As we drove into the cemetery, I could see through the windshield of my brother’s car the flagpole at the entrance, and the flag itself–flying at half-mast.”What a nice thing to do for Mom,” I thought.

But at the same moment I realized that this demonstration of respect and mourning was not for my mother. She was loved and well thought of in the little town of Andalusia, Ala., but the lowered flag was not for her.

It was for the governor.

Mom died 10 years ago, in the early morning of Sept. 14, 1998. George Wallace had died the day before.

They were buried on the same day–Sept. 16.

That night, after all but our (now-smaller) nuclear family had left my father’s house, we gathered to watch the day’s news reports from the Montgomery television station. We saw images of throngs of people gathered in the city streets to watch the governor’s funeral procession pass by.

In Andalusia the First Baptist Church had been full for my mother’s service. But it was nothing like the turnout some 90 miles north.

For some 10 years now I have pondered the meaning of this matrix. My mother–a stay-at-home mom, whose biggest claim to fame was singing the occasional solo in the church choir’s annual Christmas cantata–was the most influential person on my life at home. George Wallace, who will be remembered most for declaring, upon his inauguration as governor, “Segregation today, segregation tomorrow, segregation forever,” was arguably the most influential person in my life outside my home.

And they were buried on the same day.

That statement about Wallace is a pretty strong one. To be sure, there were schoolteachers, church leaders and even friends who impacted my life in substantial ways as I grew up.

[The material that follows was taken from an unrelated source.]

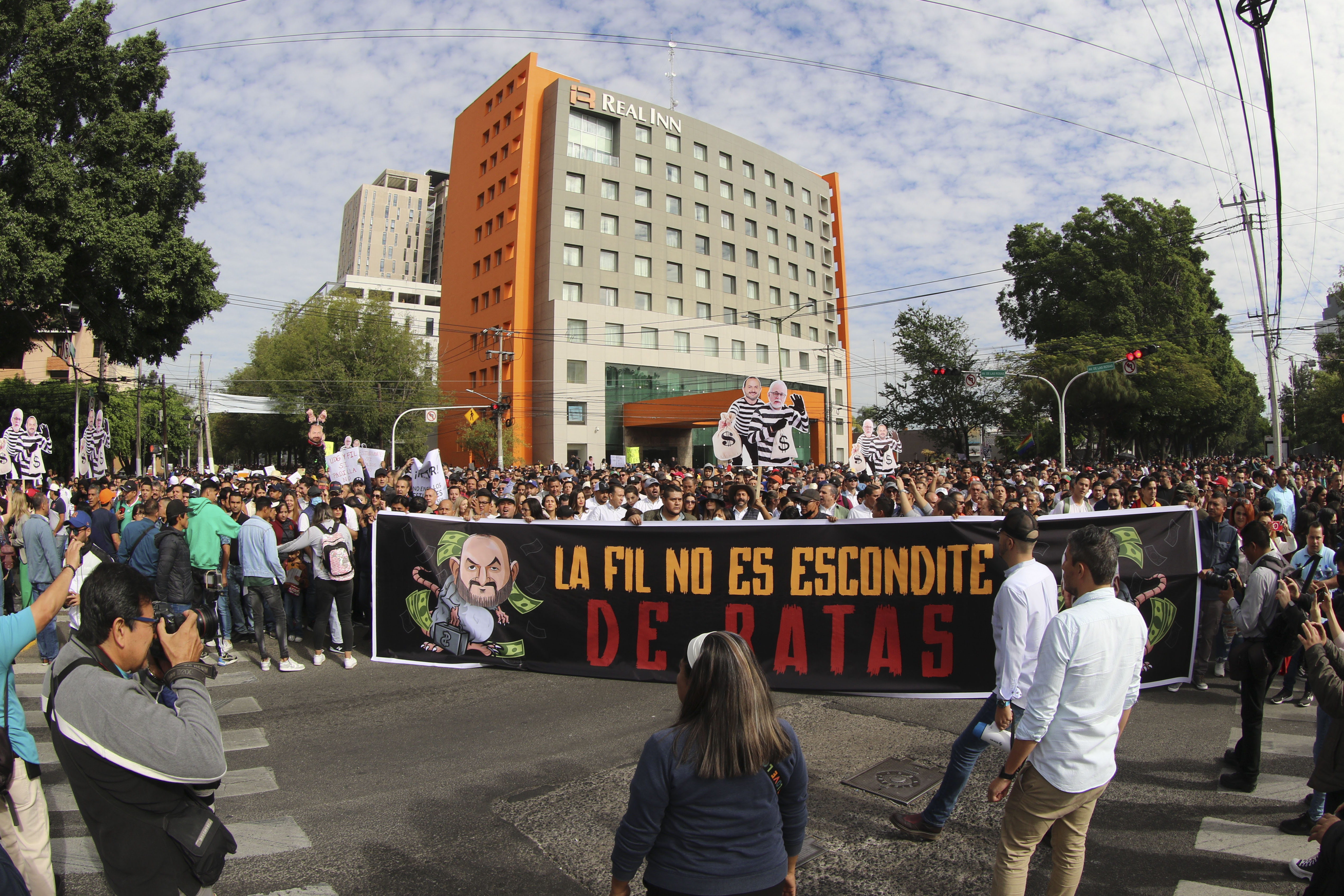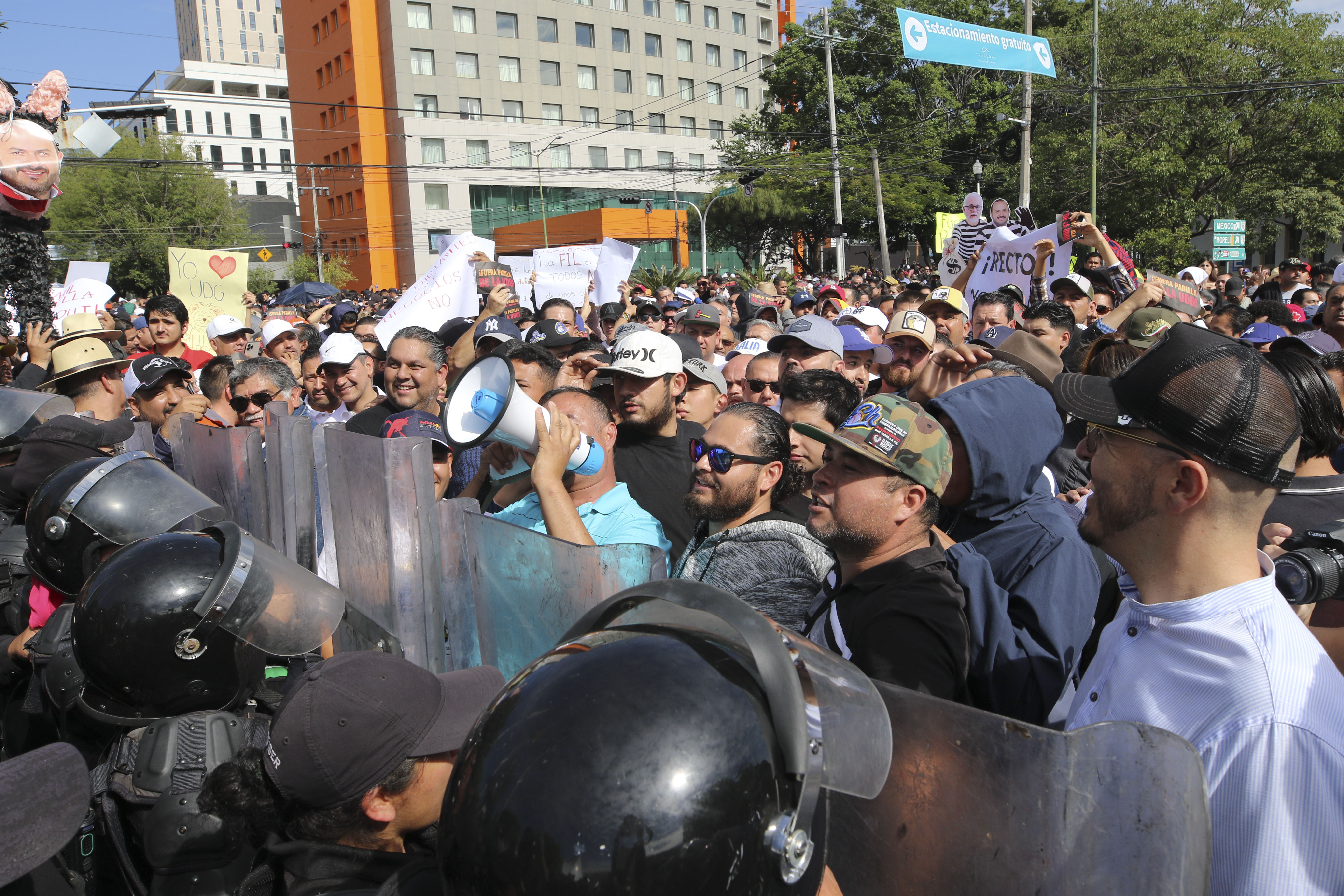 Ante la amenaza del gobierno de Jalisco para boicotear la FIL Guadalajara, la comunidad universitaria resguardó con vallas humanas el inmueble de la Expo Guadalajara para impedir irrupciones en la feria; aunque el saldo fue blanco, la Unidad de Protección Civil de la UdeG reportó agresiones verbales y conatos de bronca.

But no person shaped the environment of the state of Alabama during my lifetime as did that pugnacious and ambitious man in the capitol. I was raised in a state defined by racism and–even as a child–I knew it. I could feel it.

And so when the time came to move away from Alabama back in 1979, I was glad, glad to leave it all behind.

But, of course, I didn’t leave it at all.

I no more left behind the effects of the state that shaped me than I could abandon the lessons of my Sunday school teacher mother. In the midst of an environment that urged me to live in fear of “the other,” my mother taught me by example about acceptance and love for every person.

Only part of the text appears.